CHRIST (Photo credit: Fergal of Claddagh)

Redemption as a Schoolhouse Drama

As the youth minister began the well-worn story of the drawbridge to illustrate the meaning of redemption my mind drifted back to the events of the last week.  That drama started with a surprise parcel that came in the mail.

Without consulting the powers that be the president of the local student led organization had determined to set up a full-blown business account in the name of their organization.  Did I mention that he also ordered checks and an IRS Employee Identification Number (EIN)? Once the account was opened it generated mail from the IRS that came to the school address.  The first parcel for the account failed to arouse suspicion, but the notice from the IRS set off my internal alarm bells. Now the advice of the administration was required.

Wrath.  The story of redemption is a story of wrath, and the students had provoked the wrath of the administration.  It was my duty to report to the supervisor this activity was unauthorized. When the VP got wind of the situation, his terms were absolute.   The account must be closed by the end of the day or the student would be expelled.

Compassion.  Compassion is the other side of the story of redemption.  Someone must care so much that they put themselves in the middle of the fray to bring an end to the justifiable wrath.  The ringleader was not available when the directive came down.  So, I had to find out where the account was opened and who had signed for deposits.  Then I had to haul myself to the bank to do some university business.

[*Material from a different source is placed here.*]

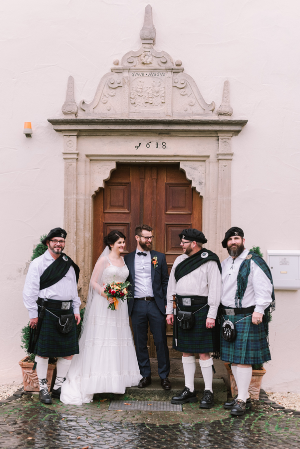 Well, they couldn't have picked a finer scene. Schloß Buchenau was picture perfect with just the right touch of Scottishness to it. Jan's close connections to Scotland (having worked there) meant that there were a few nods to Scotland - their parents had organised a pipe band to play after their ceremony, Jan's suit had a touch of tartan in the material. And although this cannot be organised in quite the same way, there was a slight drizzle in the air, which only added to the atmosphere!

“I am here to represent the university, and the account must be closed today.  We must have proof of a $0 balance.”   Thus I greeted the personal banker at the branch where the account was opened. With the help of a different student and some additional persuasion the kind personal banker closed the account that day.

Someone later asked who it was that reported the incident.  Yes, I appeared to be on the side of dispensing wrath.  Perhaps no one but me knew that I was also on the side of showing mercy.  I like to think that by closing the account before 5 PM that day I was insuring that one student was not expelled.

As the youth minister was wrapping up his rendition of the drawbridge story, I reread a familiar Bible verse, II Corinthians 5:21: For He hath made Him to be sin for us, Who knew no sin; that we might be made the righteousness of God in Him.